* Goal of the exercise *
Only the pictures should be left out; repeat the rest of the data exactly.

[Source data]
>>>>>

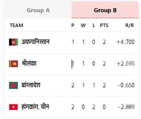 ग्रुप बी की बात करें तो यहां सुपर-4 की जंग काफी रोमांचक हो चुकी है। अफगानिस्तान, श्रीलंका और बांग्लादेश अपने 1-1 मैच जीत चुकी है। तीनों टीमों के 2-2 अंक हैं। वहीं हांगकांग दोनों मैच गंवा चुकी है। अफगानिस्तान ने हांगकांग को, श्रीलंका ने बांग्लादेश को और बांग्लादेश ने हांगकांग को हराया है। हालांकि, बांग्लादेश को श्रीलंका के हाथों शिकस्त भी मिली है।
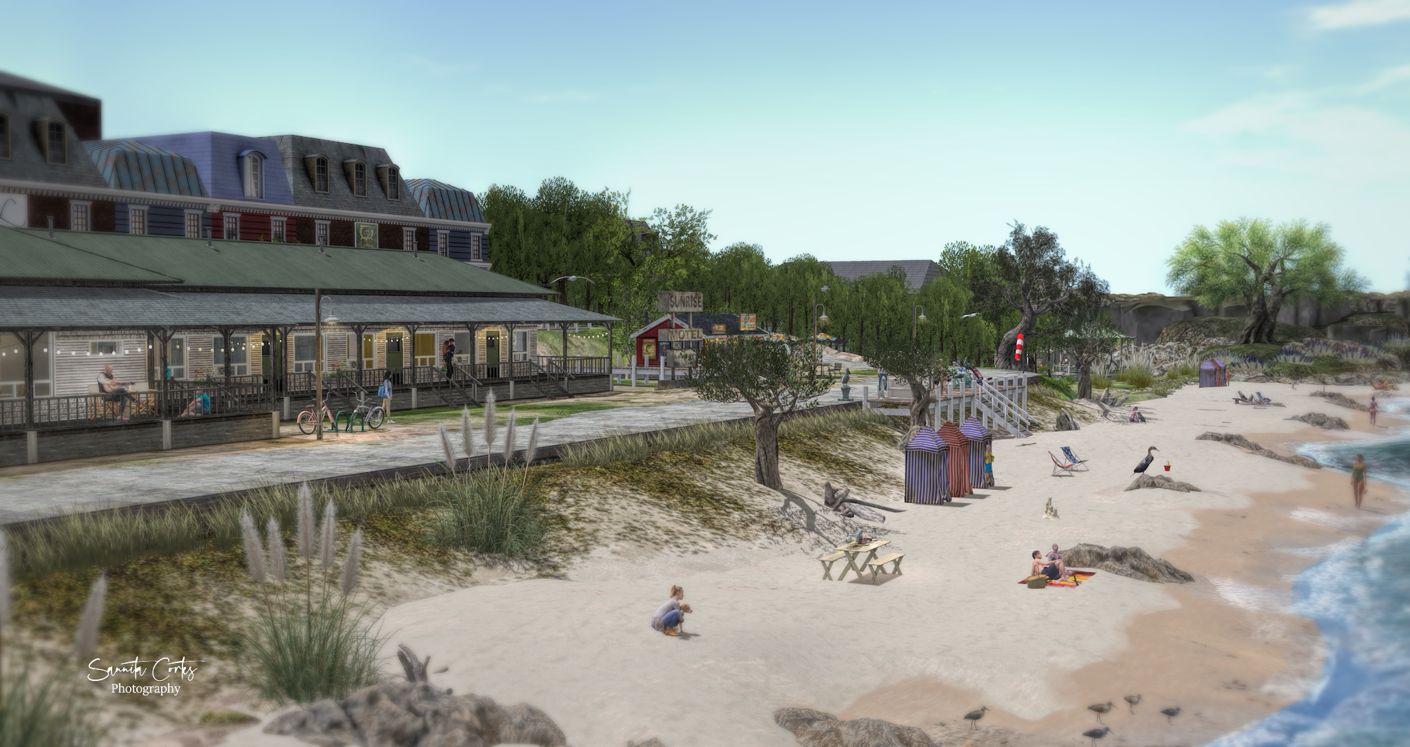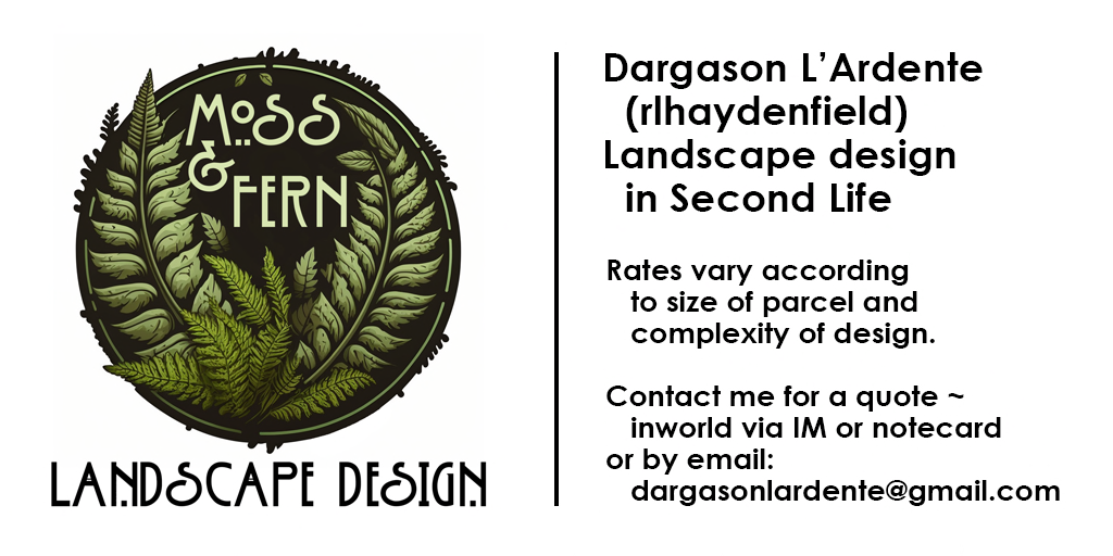 Region Concept and Design is by Sethos Lionheart, landscaping made by Sethos Lionheart of Artisan Antiques and Dargason L’Ardente of Moss&Fern. Dargason is a landscape designer in SL.
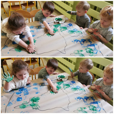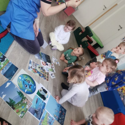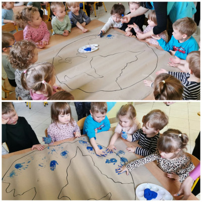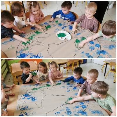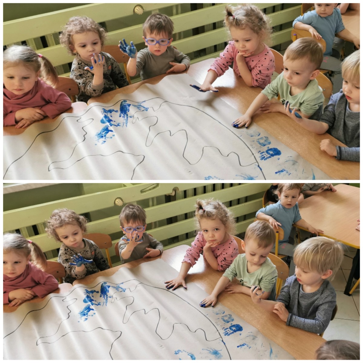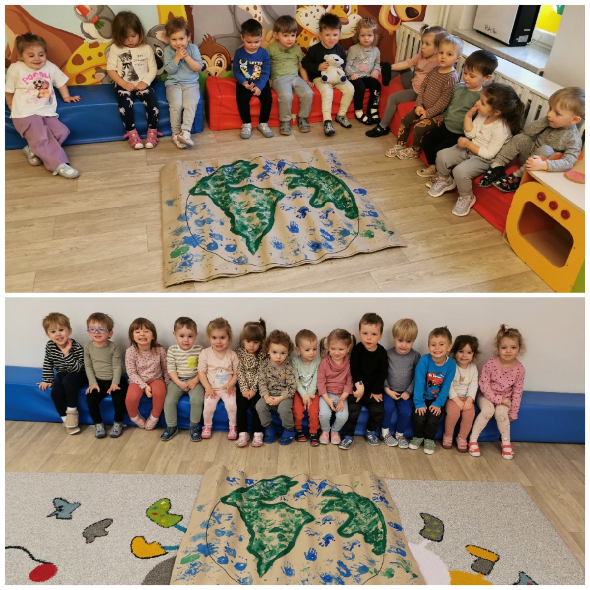 Nasze ma艂e 呕abki uczci艂y 艣wi臋to Naszej Planety Ziemi z okazji zbli偶aj膮cego si臋 Dnia Ziemi. Z tej okazji wykonali艣my wsp贸lnie plakat przedstawiaj膮cy nasz膮 Planet臋. Dzieci odbija艂y na plakacie kolorowymi farbami swoje r膮czki co symbolizowa艂o fakt, 偶e Ziemia jest w naszych r臋kach. Odby艂y si臋 r贸wnie偶 zaj臋cia zwi膮zane z nasz膮 Planet膮 i wszystkim co czyni j膮 przyjazn膮 dla innych. Wysluchali艣my pouczaj膮cej bajeczki, wsp贸lnie segregowalismy 艣mieci bo wiemy, 偶e dbaj膮c o dobro Ziemi - dbamy o nasze wsp贸lne.
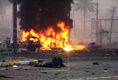 爆炸發(fā)生后,至少四輛汽車以及總部大院的磚墻均被籠罩在一片濃煙當中,這座大院原先是薩達姆的一座宮殿。事發(fā)后,一些機械化車輛以及坦克立即對附近的街區(qū)進行了封鎖。
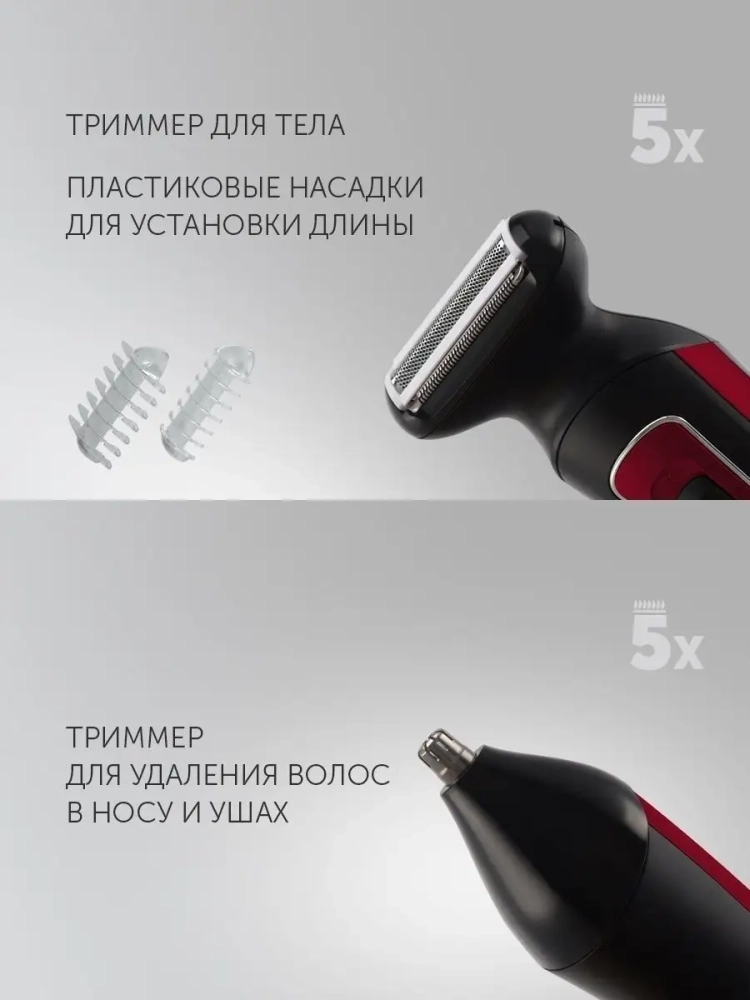 В комплекте 12 насадок и лезвий: 3 лезвия-триммера из высококачественной нержавеющей стали (триммер 5 мм для фигурных и детальных стрижек, узкий триммер 20 мм для бороды и широкий триммер 38 мм для стрижки волос), насадка-триммер для удаления волос в носу и ушах, насадка-триммер для тела, триммер для тела (мини-бритва) с насадками 2 и 4 мм, 4 насадки для широкого триммера (3, 6, 9 и 12 мм) и телескопическая насадка 5-8 мм для узкого триммера.
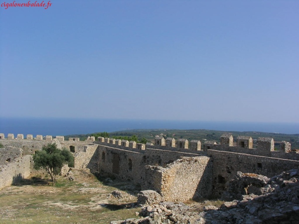 Nous commençons notre découverte du pays par le château de Chlememoutsi, ancienne citadelle du XIIIème siècle construite par Geffroy II de Villehardouin. Nous découvrons ainsi l’un des nombreux sites qui témoignent de la domination franque. Du sommet, on a une belle vue sur la mer toute bleue.
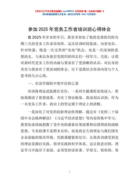 / 参加2025年党务工作者培训班心得体会

<<<<<

* Response *
 ग्रुप बी की बात करें तो यहां सुपर-4 की जंग काफी रोमांचक हो चुकी है। अफगानिस्तान, श्रीलंका और बांग्लादेश अपने 1-1 मैच जीत चुकी है। तीनों टीमों के 2-2 अंक हैं। वहीं हांगकांग दोनों मैच गंवा चुकी है। अफगानिस्तान ने हांगकांग को, श्रीलंका ने बांग्लादेश को और बांग्लादेश ने हांगकांग को हराया है। हालांकि, बांग्लादेश को श्रीलंका के हाथों शिकस्त भी मिली है।
 Region Concept and Design is by Sethos Lionheart, landscaping made by Sethos Lionheart of Artisan Antiques and Dargason L’Ardente of Moss&Fern. Dargason is a landscape designer in SL.
 Nasze ma艂e 呕abki uczci艂y 艣wi臋to Naszej Planety Ziemi z okazji zbli偶aj膮cego si臋 Dnia Ziemi. Z tej okazji wykonali艣my wsp贸lnie plakat przedstawiaj膮cy nasz膮 Planet臋. Dzieci odbija艂y na plakacie kolorowymi farbami swoje r膮czki co symbolizowa艂o fakt, 偶e Ziemia jest w naszych r臋kach. Odby艂y si臋 r贸wnie偶 zaj臋cia zwi膮zane z nasz膮 Planet膮 i wszystkim co czyni j膮 przyjazn膮 dla innych. Wysluchali艣my pouczaj膮cej bajeczki, wsp贸lnie segregowalismy 艣mieci bo wiemy, 偶e dbaj膮c o dobro Ziemi - dbamy o nasze wsp贸lne.
 爆炸發(fā)生后,至少四輛汽車以及總部大院的磚墻均被籠罩在一片濃煙當中,這座大院原先是薩達姆的一座宮殿。事發(fā)后,一些機械化車輛以及坦克立即對附近的街區(qū)進行了封鎖。
 В комплекте 12 насадок и лезвий: 3 лезвия-триммера из высококачественной нержавеющей стали (триммер 5 мм для фигурных и детальных стрижек, узкий триммер 20 мм для бороды и широкий триммер 38 мм для стрижки волос), насадка-триммер для удаления волос в носу и ушах, насадка-триммер для тела, триммер для тела (мини-бритва) с насадками 2 и 4 мм, 4 насадки для широкого триммера (3, 6, 9 и 12 мм) и телескопическая насадка 5-8 мм для узкого триммера.
 Nous commençons notre découverte du pays par le château de Chlememoutsi, ancienne citadelle du XIIIème siècle construite par Geffroy II de Villehardouin. Nous découvrons ainsi l’un des nombreux sites qui témoignent de la domination franque. Du sommet, on a une belle vue sur la mer toute bleue.
 / 参加2025年党务工作者培训班心得体会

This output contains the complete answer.